- Leaders: Abdul Aziz Salem Al-Musallat Abdul-Moneim al-Nassif
- Spokesperson: Mudar Hammad Al-Asaad
- Founded: December 21, 2018
- Dates active: 2018 – present
- Country: Syria
- Allegiance: National Coalition of Syrian Revolutionary and Opposition Forces (2020 — 2025)
- Headquarters: Azaz
- Active regions: Deir ez-Zor Governorate Suwayda Governorate
- Ideology: Arab nationalism ^{[citation needed]}
- Wars: Syrian civil war; Syrian conflict (2024–present) Druze insurgency in Southern Syria Southern Syria clashes (July 2025–present); ; ;
- Website: YouTube official channel

= Syrian Council of Tribes and Clans =

Militant organization in Syria

The Syrian Council of Tribes and Clans (مجلس القبائل والعشائر السورية) is a militant organization in Syria.
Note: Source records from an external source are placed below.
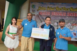 Jalan sehat yang diselenggarakan oleh Ikatan Jurnalis Sintang tersebut juga menyajikan puluhan Doorprize dan dua buah tiket Umroh Gratis yang dipersembahkan langsung oleh, H. Sukiman.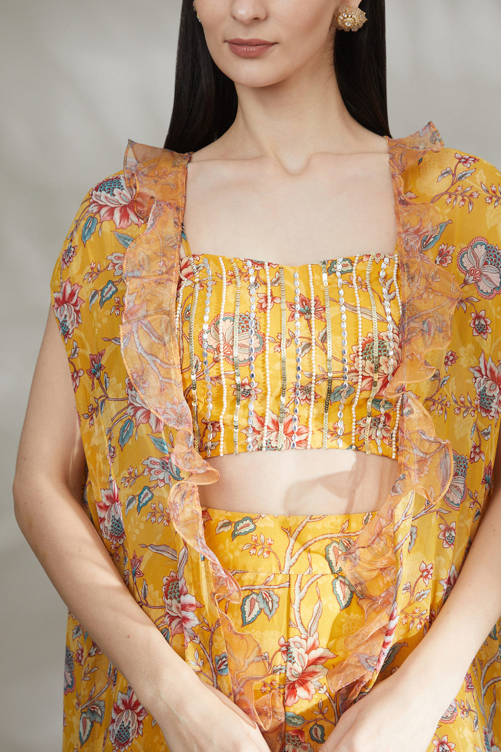 Featuring here a palazzo set in georgette. This has an embroidered inner and cape.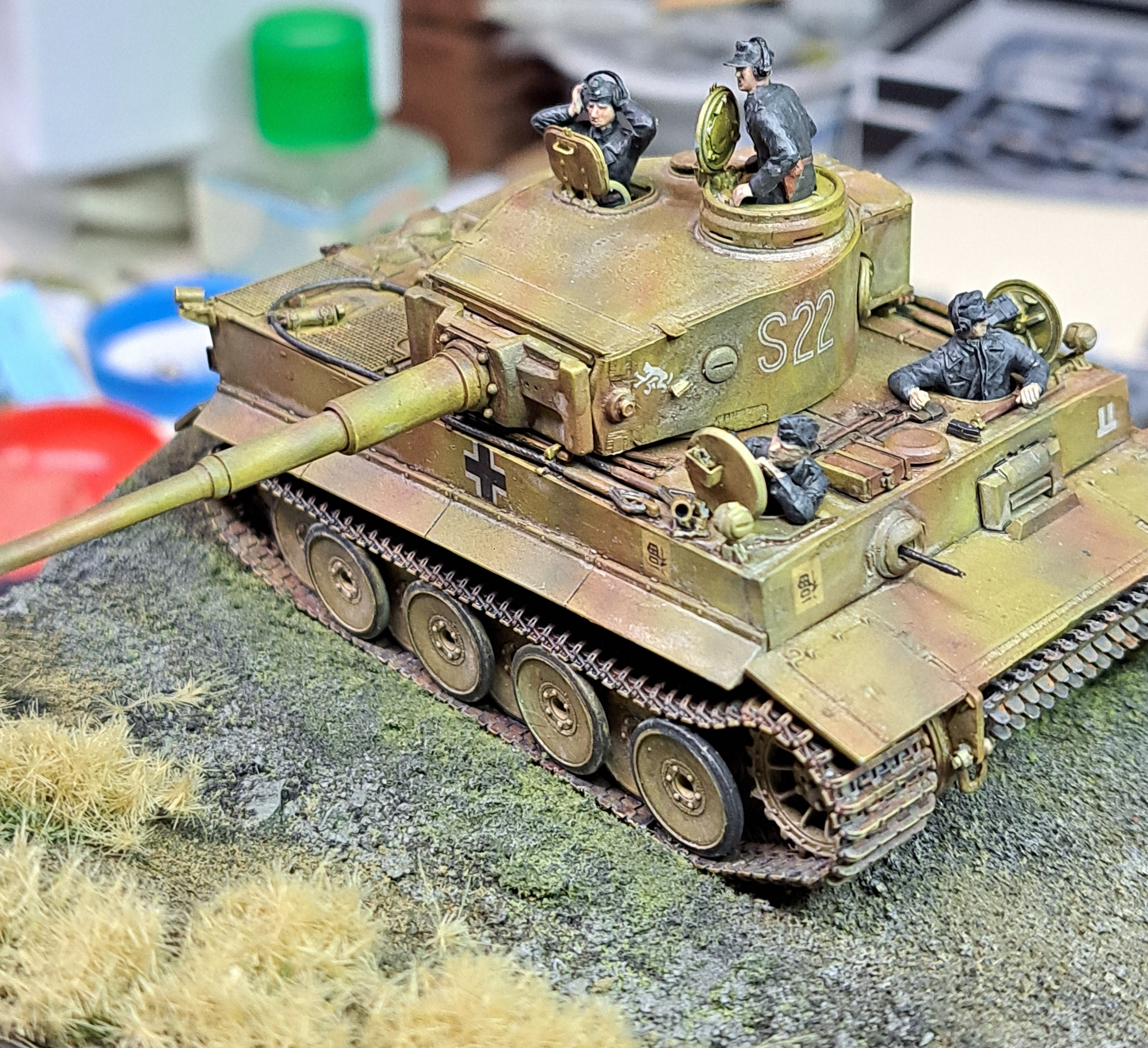 Vespid Tiger I – aluminum barrel, etched brass, 3D printed muzzle brake (from kit). Tracks – 3D printed by Fat Frog. Decals – 8 s.Pz-Kp. S22 with “Lucky Tiger” marking. Airbrushed in cammo and weathered. Base created with plastic stock and RR flocking, then cast in resin. Figures by Tristar and Prieser.

The group is led by Abdul Moneim al-Naseef.

==History==
===Foundation===
The council was founded on December 21, 2018, as a tribal political group opposed to the Ba'athist Syria, by Abdul Aziz Salem Al-Musallat, composed of 150 Syrian clans and tribes, with the aim of uniting the tribes east of the Euphrates and liberate the areas controlled by the Democratic Autonomous Administration of North and East Syria.
===Activities===
On December 15, 2024, the group, led by Dr. Jihad Mar’i, met with Hikmat al-Hijri, the meeting addressed the coexistence between the components of Syrian society. In 2025 the group congratulated Ahmed al-Sharaa on his victory against the Ba'athist Syria.

During Southern Syria clashes the group fought against the Druze militias but declared their withdrawal from Suwayda Governorate.